RAGEN-2: Reasoning Collapse in Agentic RL

arXiv:2604.06268v1 Announce Type: new Abstract: RL training of multi-turn LLM agents is inherently unstable, and reasoning quality directly determines task performance. Entropy is widely used to track reasoning stability. However, entropy only measures diversity within the same input, and cannot tell whether reasoning actually responds to different inputs. In RAGEN-2, we find that even with stable entropy, models can rely on fixed templates that look diverse but are input-agnostic. We call this template collapse, a failure mode invisible to entropy and all existing metrics. To diagnose this failure, we decompose reasoning quality into within-input diversity (Entropy) and cross-input distinguishability (Mutual Information, MI), and introduce a family of mutual information proxies for online diagnosis. Across diverse tasks, mutual information correlates with final performance much more strongly than entropy, making it a more reliable proxy for reasoning quality. We further explain templ

arXiv:2604.06268v1 Announce Type: new Abstract: RL training of multi-turn LLM agents is inherently unstable, and reasoning quality directly determines task performance. Entropy is widely used to track reasoning stability. However, entropy only measures diversity within the same input, and cannot tell whether reasoning actually responds to different inputs. In RAGEN-2, we find that even with stable entropy, models can rely on fixed templates that look diverse but are input-agnostic. We call this template collapse, a failure mode invisible to entropy and all existing metrics. To diagnose this failure, we decompose reasoning quality into within-input diversity (Entropy) and cross-input distinguishability (Mutual Information, MI), and introduce a family of mutual information proxies for online diagnosis. Across diverse tasks, mutual information correlates with final performance much more strongly than entropy, making it a more reliable proxy for reasoning quality. We further explain template collapse with a signal-to-noise ratio (SNR) mechanism. Low reward variance weakens task gradients, letting regularization terms dominate and erase cross-input reasoning differences. To address this, we propose SNR-Aware Filtering to select high-signal prompts per iteration using reward variance as a lightweight proxy. Across planning, math reasoning, web navigation, and code execution, the method consistently improves both input dependence and task performance.

Executive Summary

RAGEN-2 introduces a critical diagnostic for reasoning collapse in multi-turn LLM agents trained with Reinforcement Learning (RL). The authors identify 'template collapse,' a failure mode where models produce seemingly diverse but input-agnostic responses, undetected by conventional entropy metrics. They propose decomposing reasoning quality into within-input diversity (Entropy) and cross-input distinguishability (Mutual Information, MI), demonstrating MI's superior correlation with task performance. The paper attributes template collapse to a low signal-to-noise ratio (SNR) mechanism, where weak task gradients allow regularization to erase input-specific reasoning. To mitigate this, SNR-Aware Filtering, using reward variance as a proxy, is introduced to select high-signal prompts, consistently improving input dependence and task performance across various domains.

Key Points

  • Traditional entropy metrics are insufficient to detect 'template collapse' in LLM agents, where responses appear diverse but lack input-specificity.
  • RAGEN-2 decomposes reasoning quality into within-input diversity (Entropy) and cross-input distinguishability (Mutual Information, MI).
  • Mutual Information (MI) significantly outperforms entropy as a proxy for reasoning quality, correlating more strongly with final task performance.
  • Template collapse is explained by a low signal-to-noise ratio (SNR) mechanism, where weak task gradients are overwhelmed by regularization, leading to input-agnostic reasoning.
  • SNR-Aware Filtering, using reward variance to select high-signal prompts, effectively addresses template collapse and improves both input dependence and task performance.

Merits

Novel Diagnostic Metric

The introduction of Mutual Information (MI) as a diagnostic for 'cross-input distinguishability' addresses a critical blind spot in existing evaluation methodologies for LLM agents.
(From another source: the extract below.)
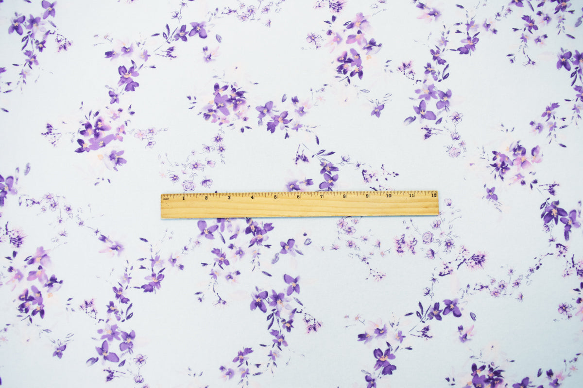 Blue-Purple-Multi Poly Floral Printed Chiffon Woven Fabric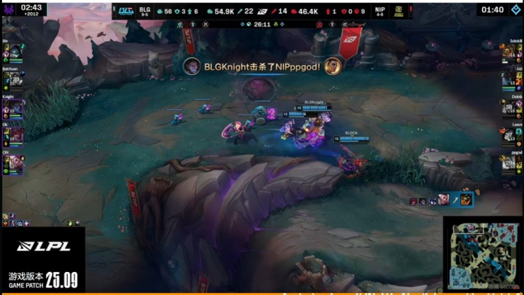 【23:40】野区BLG先手秒掉了ppgod芮尔,Leave女枪大招AOE拉满但是自己还是被丝血的knight塞拉斯硬切死了!这波knight塞拉斯双杀,SoloKill鳄鱼切后排吃了Elk霞倒钩白给!BLG再打一波1换3!

Robust Empirical Validation

The consistent performance improvements and strong correlations across diverse tasks (planning, math, web navigation, code execution) lend significant credibility to the proposed methods and insights.

Mechanistic Explanation

The SNR mechanism provides a compelling theoretical framework for understanding template collapse, moving beyond mere observation to offer a causal explanation.

Practical Intervention

SNR-Aware Filtering offers a lightweight and effective method for practitioners to improve the reasoning quality and task performance of their RL-trained LLM agents.

Demerits

Computational Cost of MI

While proxies are introduced, calculating true Mutual Information can be computationally intensive, potentially limiting its scalability for very large models or datasets without efficient approximations.

Generality of SNR Mechanism

While compelling, the extent to which the SNR mechanism fully explains all forms of reasoning collapse or instability in diverse RL environments warrants further investigation beyond the specific tasks explored.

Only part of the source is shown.